DATA EXCERPTS:
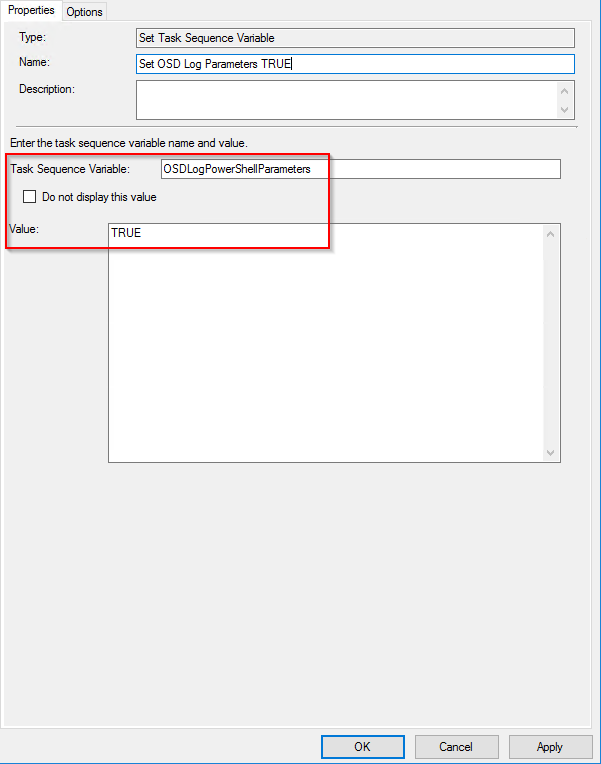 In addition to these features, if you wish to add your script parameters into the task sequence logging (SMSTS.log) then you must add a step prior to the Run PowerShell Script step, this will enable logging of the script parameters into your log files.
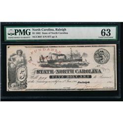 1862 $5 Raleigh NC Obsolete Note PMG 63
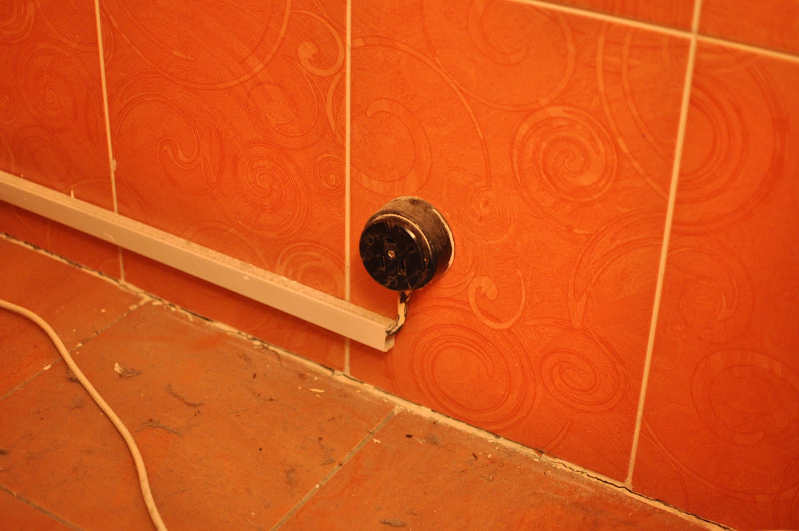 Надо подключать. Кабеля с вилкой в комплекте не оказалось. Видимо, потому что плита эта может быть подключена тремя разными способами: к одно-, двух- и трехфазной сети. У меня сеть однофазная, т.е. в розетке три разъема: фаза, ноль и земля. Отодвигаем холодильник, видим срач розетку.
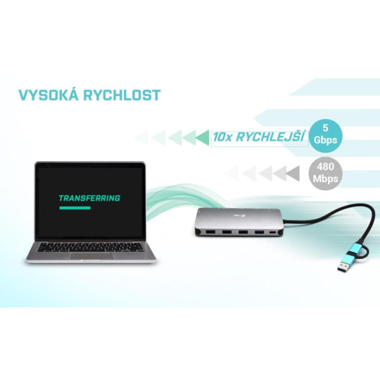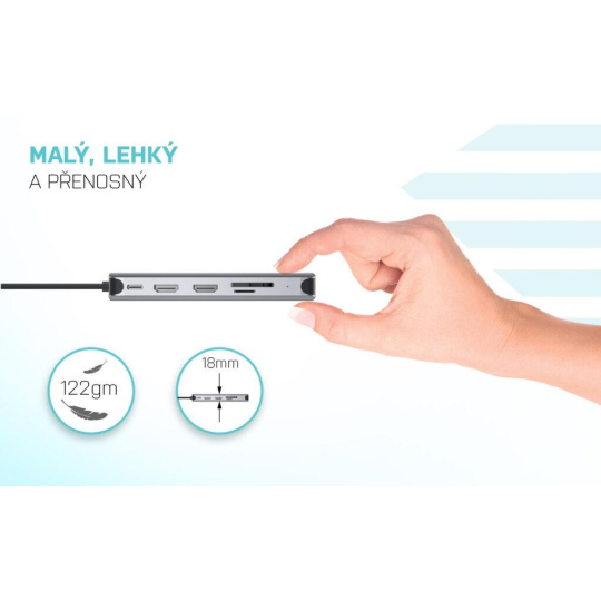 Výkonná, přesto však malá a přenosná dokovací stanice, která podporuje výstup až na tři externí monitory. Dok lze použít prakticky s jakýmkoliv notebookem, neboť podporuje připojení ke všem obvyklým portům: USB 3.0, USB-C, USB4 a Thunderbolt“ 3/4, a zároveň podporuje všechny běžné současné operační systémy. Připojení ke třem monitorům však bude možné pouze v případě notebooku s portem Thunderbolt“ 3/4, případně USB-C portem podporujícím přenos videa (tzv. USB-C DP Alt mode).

==

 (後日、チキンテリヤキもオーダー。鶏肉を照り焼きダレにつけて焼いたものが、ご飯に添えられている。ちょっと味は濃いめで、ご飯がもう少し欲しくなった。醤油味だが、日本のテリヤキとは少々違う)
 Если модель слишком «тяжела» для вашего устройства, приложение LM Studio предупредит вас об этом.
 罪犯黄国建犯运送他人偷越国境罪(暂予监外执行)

==

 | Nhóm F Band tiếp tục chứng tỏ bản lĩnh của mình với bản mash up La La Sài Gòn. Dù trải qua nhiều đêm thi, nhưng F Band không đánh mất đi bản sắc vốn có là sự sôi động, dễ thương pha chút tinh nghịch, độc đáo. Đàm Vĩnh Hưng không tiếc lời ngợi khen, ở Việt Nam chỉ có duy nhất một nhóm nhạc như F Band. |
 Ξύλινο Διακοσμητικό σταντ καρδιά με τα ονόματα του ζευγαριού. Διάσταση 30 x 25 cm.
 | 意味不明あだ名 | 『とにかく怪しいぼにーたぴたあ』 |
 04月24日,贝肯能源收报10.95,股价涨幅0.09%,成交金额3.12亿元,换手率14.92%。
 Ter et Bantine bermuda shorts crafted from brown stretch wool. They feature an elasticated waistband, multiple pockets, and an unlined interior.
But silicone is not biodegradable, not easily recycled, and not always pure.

WORK TASK:
Exactly the lines above from the one that contains "In addition to" down to the one that contains "Výkonná, přesto však" are to be output, both ends kept and pictures omitted.

OUTPUT OF THE TASK:
 In addition to these features, if you wish to add your script parameters into the task sequence logging (SMSTS.log) then you must add a step prior to the Run PowerShell Script step, this will enable logging of the script parameters into your log files.
 1862 $5 Raleigh NC Obsolete Note PMG 63
 Надо подключать. Кабеля с вилкой в комплекте не оказалось. Видимо, потому что плита эта может быть подключена тремя разными способами: к одно-, двух- и трехфазной сети. У меня сеть однофазная, т.е. в розетке три разъема: фаза, ноль и земля. Отодвигаем холодильник, видим срач розетку.
 Výkonná, přesto však malá a přenosná dokovací stanice, která podporuje výstup až na tři externí monitory. Dok lze použít prakticky s jakýmkoliv notebookem, neboť podporuje připojení ke všem obvyklým portům: USB 3.0, USB-C, USB4 a Thunderbolt“ 3/4, a zároveň podporuje všechny běžné současné operační systémy. Připojení ke třem monitorům však bude možné pouze v případě notebooku s portem Thunderbolt“ 3/4, případně USB-C portem podporujícím přenos videa (tzv. USB-C DP Alt mode).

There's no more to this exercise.